Opioid Pharmacology - Case-Based MCQs


Q1. A 55-year-old man with stage IV lung cancer is admitted with severe chronic pain unresponsive to NSAIDs. His physician starts him on a drug that acts as a 7-transmembrane G protein-coupled receptor (GPCR) agonist and is described as the "mainstay of pain treatment." The primary receptor responsible for its analgesic effect also mediates its major adverse effects. Which receptor type is primarily responsible for both the analgesic and unwanted effects of this class of drugs?
a) Delta (δ) opioid receptor b) Kappa (κ) opioid receptor c) Mu (μ) opioid receptor d) Nociceptin/ORL-1 (NOPr) receptor

Q2. A pharmacology student is reviewing opioid classification. She learns that opium contains several alkaloids. One compound in opium has no opioid activity itself but is used as a starting material for synthesizing multiple opioid drugs in the laboratory. Which compound is she reading about?
a) Codeine b) Papaverine c) Noscapine d) Thebaine

Q3. A 32-year-old woman with heroin use disorder is enrolled in a maintenance program. She is started on an oral agent that is a full μ-receptor agonist with a half-life of 15-40 hours. Her clinician is concerned about a specific cardiac adverse effect not typically seen with other opioids. A baseline ECG is ordered. What is the primary cardiac risk with this drug?
a) Atrial fibrillation b) Atrioventricular block c) QTc prolongation and torsades de pointes d) Ventricular hypertrophy

Q4. A 68-year-old man with cancer pain is switched from oral morphine to a new agent because of intolerable nausea and itching with morphine. The new drug not only activates μ-opioid receptors but also blocks NMDA receptors and inhibits norepinephrine and serotonin reuptake. Which property explains why this drug is particularly effective for neuropathic pain, unlike morphine alone?
a) Higher oral bioavailability than morphine b) Lack of active metabolites causing less neurotoxicity c) NMDA receptor antagonism and monoamine reuptake inhibition d) Longer duration of analgesia due to extended half-life

Q5. A 28-year-old man is found unconscious with pinpoint pupils, bradycardia, and a respiratory rate of 4/min. Empty pill packets nearby suggest opioid ingestion. He is given an IV drug that rapidly reverses all his symptoms within 2 minutes. However, 90 minutes later, he becomes obtunded again. Which characteristic of the reversal agent best explains this recurrence?
a) The reversal agent is a partial agonist with a ceiling effect b) The reversal agent has a shorter duration of action (~1 hour) than most opioids c) The reversal agent undergoes first-pass metabolism when given intravenously d) The reversal agent only blocks kappa receptors, not mu receptors

Q6. A 7-year-old child is prescribed a common antitussive opioid after tonsillectomy.
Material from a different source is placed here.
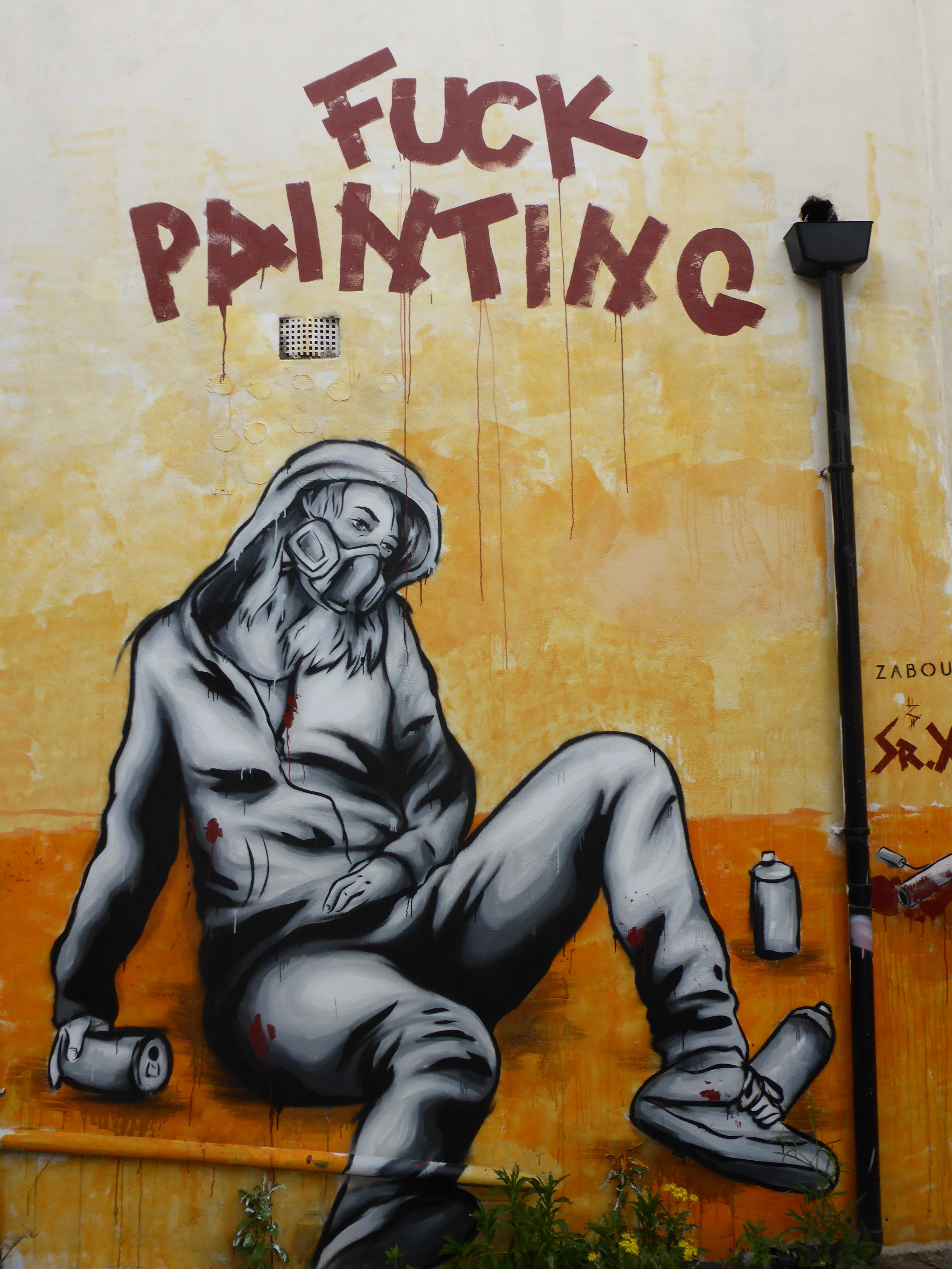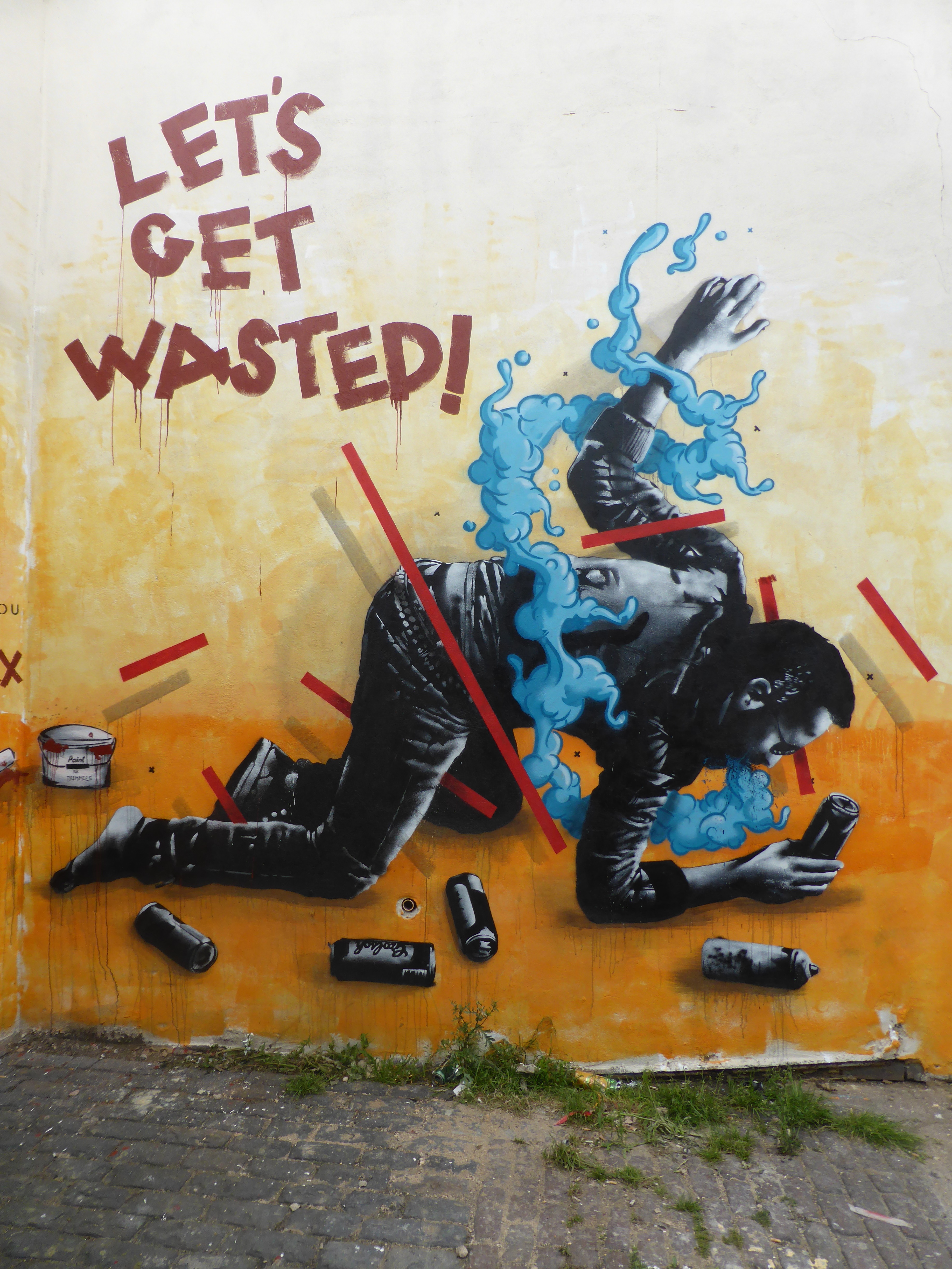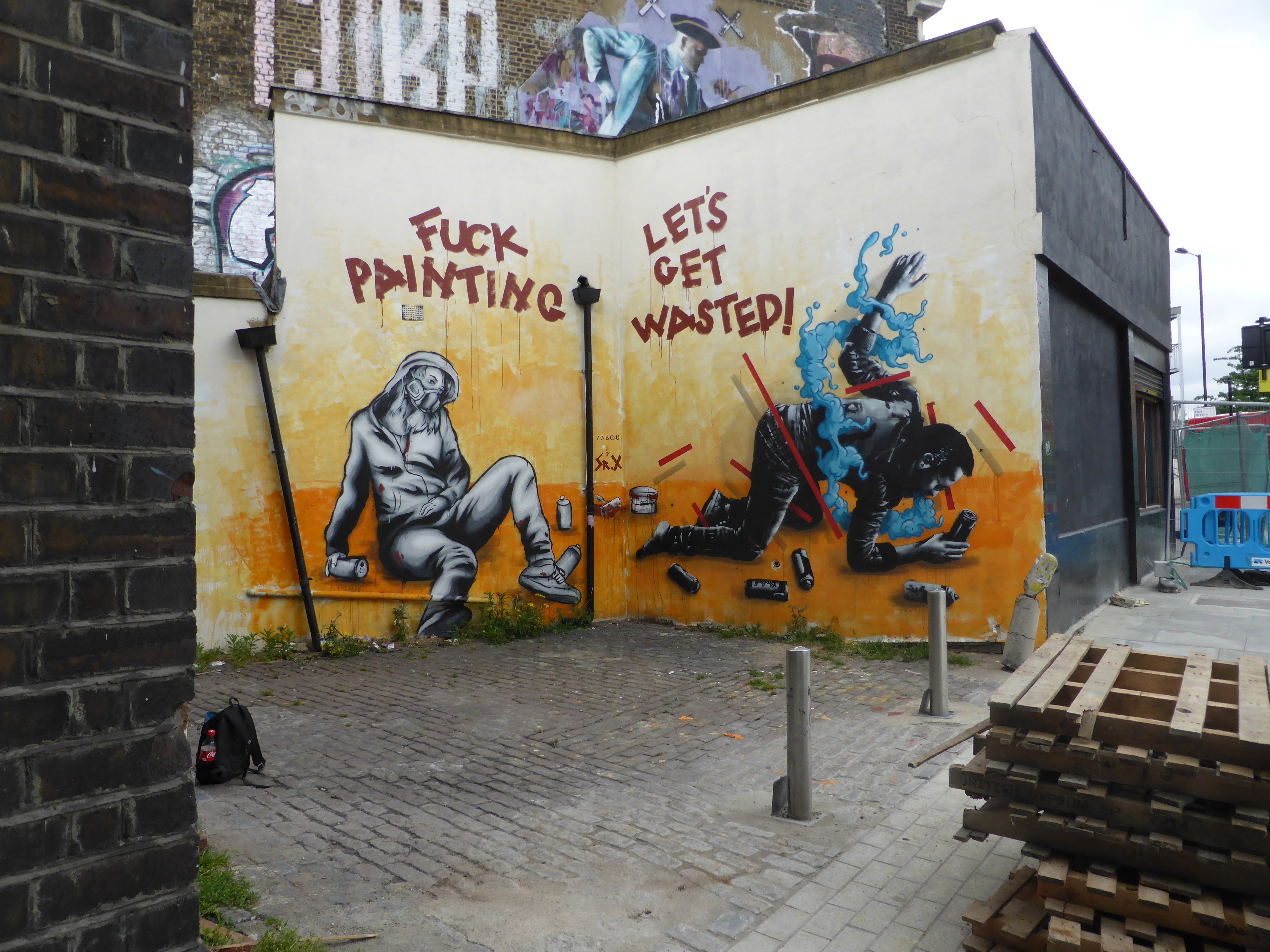 Several days back in Cambridge Heath, stencil based artists Zabou & Senor X hit out this superb collaboration, which is apparently based on a true story, along near the canal. This isn’t the first time this duo have collaborated and we don’t doubt it won’t be the last, the duo both work with a predominantly black and white scale for stencil based works, that very much makes for a good pairing for a collaboration. The work here, entitled “Fuck Painting, Let’s Get Wasted” has a rather cheeky, and perhaps little to true to life, basis, but it certainly brings a smile to the face upon viewing, and its fair to say that most people can relate with the message of this delightful work.

The drug is classified as a prodrug with minimal intrinsic analgesic activity. Two days later, the child is found unresponsive with severe respiratory depression. Genetic testing reveals the child is an ultra-rapid metabolizer of a specific enzyme. Which enzyme's polymorphism explains this life-threatening toxicity?
a) CYP3A4 b) CYP2C9 c) CYP1A2 d) CYP2D6

Q7. A 45-year-old patient with chronic low back pain is started on a weak opioid analgesic that also inhibits serotonin and norepinephrine reuptake. His psychiatrist is concerned because the patient is already on a selective serotonin reuptake inhibitor (SSRI). What is the major drug interaction risk in this patient?
a) Opioid withdrawal syndrome b) Serotonin syndrome c) Neuroleptic malignant syndrome d) QTc prolongation

Q8. A researcher is studying the classification of opioid ligands. She reads that a naturally derived compound is considered an "opiate," while a fully synthetic compound with the same receptor target is termed an "opioid." Which of the following pairs correctly distinguishes an opiate from an opioid?
a) Codeine (opiate) vs. Fentanyl (opioid) b) Fentanyl (opiate) vs. Morphine (opioid) c) Methadone (opiate) vs. Heroin (opioid) d) Naloxone (opiate) vs. Buprenorphine (opioid)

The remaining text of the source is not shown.